### [Task goal]
Starting with the line below that holds "новинка популярной российской" and stopping after the line that holds "Porte-plume américain en", transcribe the lines exactly, leaving out all pictures.
Top of Records for this task
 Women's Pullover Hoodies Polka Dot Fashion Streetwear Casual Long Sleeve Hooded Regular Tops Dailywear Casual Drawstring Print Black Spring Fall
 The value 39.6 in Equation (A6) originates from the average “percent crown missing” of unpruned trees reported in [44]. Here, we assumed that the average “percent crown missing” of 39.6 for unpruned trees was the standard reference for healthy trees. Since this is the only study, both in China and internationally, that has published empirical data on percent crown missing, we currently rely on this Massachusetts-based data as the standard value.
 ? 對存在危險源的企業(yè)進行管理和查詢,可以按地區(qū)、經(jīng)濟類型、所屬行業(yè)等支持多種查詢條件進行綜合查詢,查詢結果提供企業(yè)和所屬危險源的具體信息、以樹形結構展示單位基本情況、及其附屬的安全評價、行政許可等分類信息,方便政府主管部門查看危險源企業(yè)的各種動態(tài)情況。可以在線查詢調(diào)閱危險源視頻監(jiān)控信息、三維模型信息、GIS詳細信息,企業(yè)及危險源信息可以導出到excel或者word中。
Bottom of Records for this task
Top of Records for this task
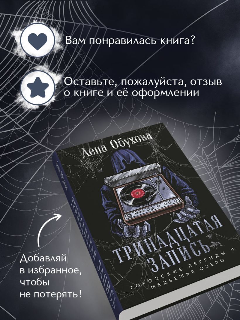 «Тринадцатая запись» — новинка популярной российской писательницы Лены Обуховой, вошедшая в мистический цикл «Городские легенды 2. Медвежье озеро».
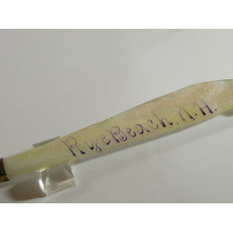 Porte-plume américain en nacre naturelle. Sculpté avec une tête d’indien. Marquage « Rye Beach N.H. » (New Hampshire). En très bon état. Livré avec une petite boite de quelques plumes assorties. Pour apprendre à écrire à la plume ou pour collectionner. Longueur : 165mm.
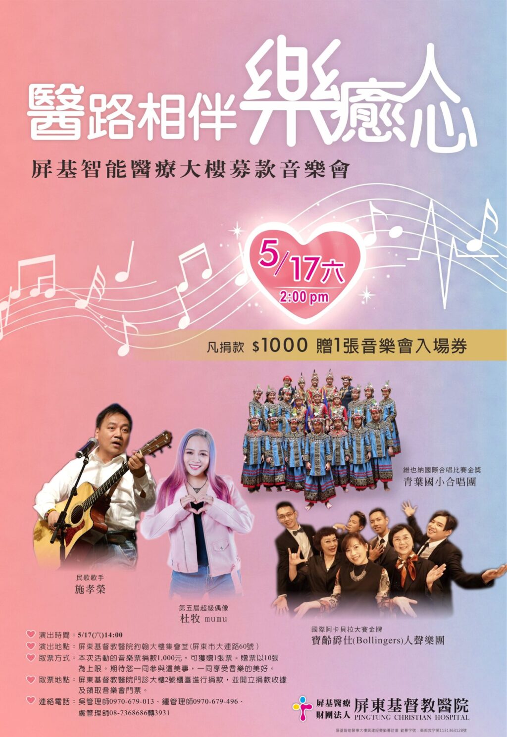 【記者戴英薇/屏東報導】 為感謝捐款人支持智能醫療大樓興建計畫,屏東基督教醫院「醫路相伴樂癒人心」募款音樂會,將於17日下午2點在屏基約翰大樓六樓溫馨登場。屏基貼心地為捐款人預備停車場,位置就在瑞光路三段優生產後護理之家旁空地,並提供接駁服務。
Bottom of Records for this task
Top of Records for this task
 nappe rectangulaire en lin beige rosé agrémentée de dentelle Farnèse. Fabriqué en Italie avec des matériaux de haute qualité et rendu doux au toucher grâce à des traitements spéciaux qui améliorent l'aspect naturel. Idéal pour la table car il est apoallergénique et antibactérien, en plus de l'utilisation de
Bottom of Records for this task
### [Task response]
 «Тринадцатая запись» — новинка популярной российской писательницы Лены Обуховой, вошедшая в мистический цикл «Городские легенды 2. Медвежье озеро».
 Porte-plume américain en nacre naturelle. Sculpté avec une tête d’indien. Marquage « Rye Beach N.H. » (New Hampshire). En très bon état. Livré avec une petite boite de quelques plumes assorties. Pour apprendre à écrire à la plume ou pour collectionner. Longueur : 165mm.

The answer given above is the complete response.